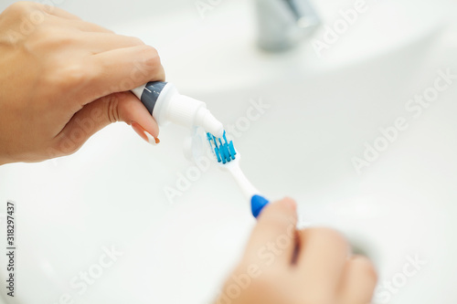 home, teeth, hand, porcelain, stainless, steel, toothbrush, inside, brushing, house, horizontal, running, water, toothpaste, modern, drinking, female, decoration, tap, faucet, sink, white, dental, hygiene, bathroom, care, paste, routine, health, clean, lifestyle, healthy, oral, fluoride, finger, freshness, tube, closeup, young, sanitation, fresh, medicals, brush, morning, hygienic, plastic
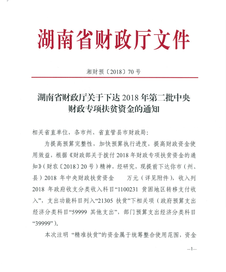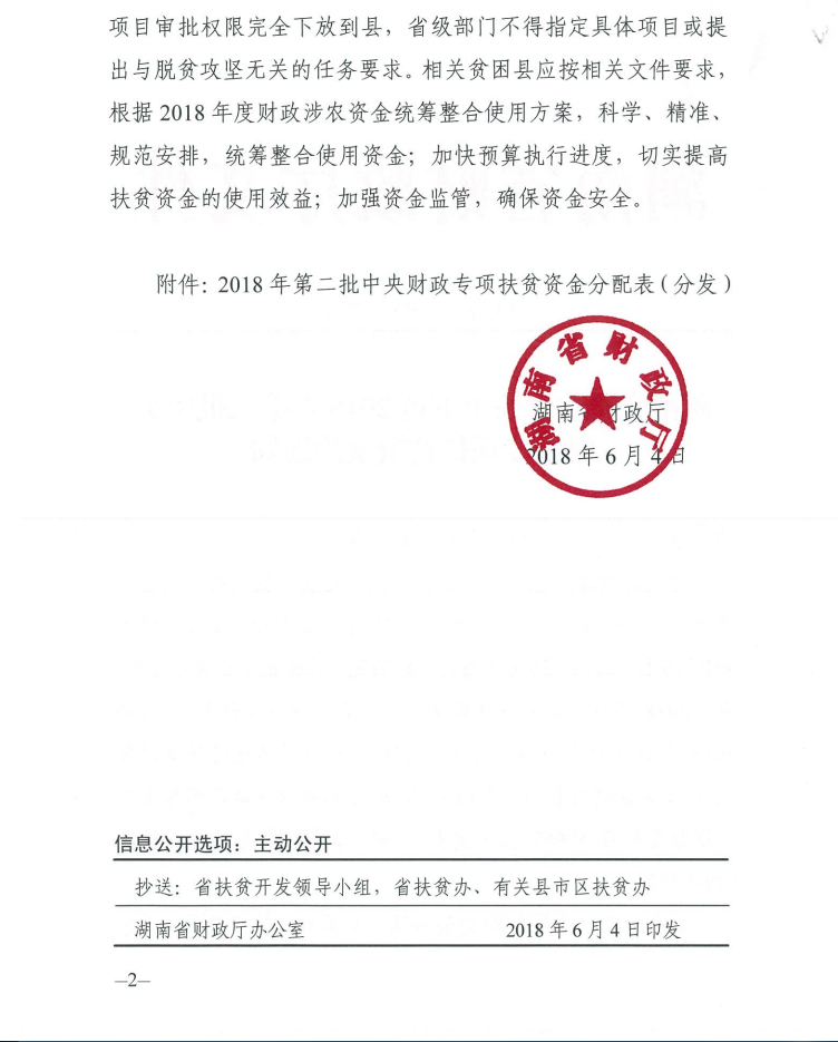 湖南省财政厅关于下达2018年第二批中央财政专项扶贫资金的通知
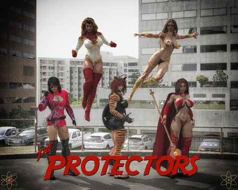 Dynamic group action shots are absolutely A Thing. Ooh, Cat's suit is very nice, I like the red patterning. I always think bodysuits are at their best withaΒ nice pair of gloves finishing them off but that's a personal thing, it's a really cool action hero look Xysta's Magic Sword of Stuff Smashing looks terrifying, and always nice to see Cardinal in action, she looks really cool flying towards the camera
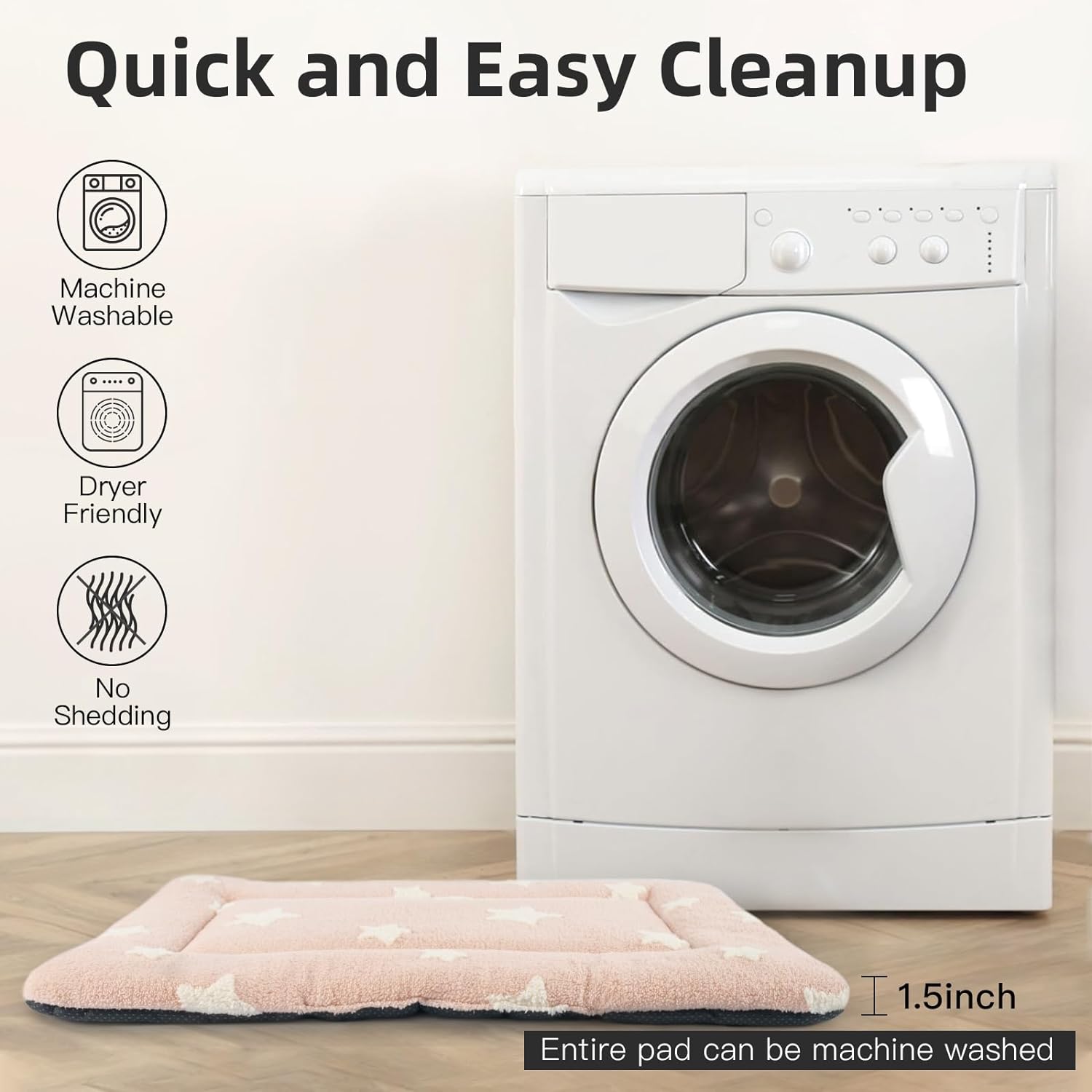 Mora Pets Dog Crate Pad Dog Kennel Bed Mat for Large Dogs Washable Cute Star Pet Bed for 36 inch Cage Ultra Soft Flat Puppy Cat Cushion for Cozy Sleeping Anti-Slip Pink 36 x 23

## ACTION ITEM
Images should not appear in the copy; retype the listing above exactly.

## TASK RESPONSE
 home, teeth, hand, porcelain, stainless, steel, toothbrush, inside, brushing, house, horizontal, running, water, toothpaste, modern, drinking, female, decoration, tap, faucet, sink, white, dental, hygiene, bathroom, care, paste, routine, health, clean, lifestyle, healthy, oral, fluoride, finger, freshness, tube, closeup, young, sanitation, fresh, medicals, brush, morning, hygienic, plastic
 湖南省财政厅关于下达2018年第二批中央财政专项扶贫资金的通知
 Dynamic group action shots are absolutely A Thing. Ooh, Cat's suit is very nice, I like the red patterning. I always think bodysuits are at their best withaΒ nice pair of gloves finishing them off but that's a personal thing, it's a really cool action hero look Xysta's Magic Sword of Stuff Smashing looks terrifying, and always nice to see Cardinal in action, she looks really cool flying towards the camera
 Mora Pets Dog Crate Pad Dog Kennel Bed Mat for Large Dogs Washable Cute Star Pet Bed for 36 inch Cage Ultra Soft Flat Puppy Cat Cushion for Cozy Sleeping Anti-Slip Pink 36 x 23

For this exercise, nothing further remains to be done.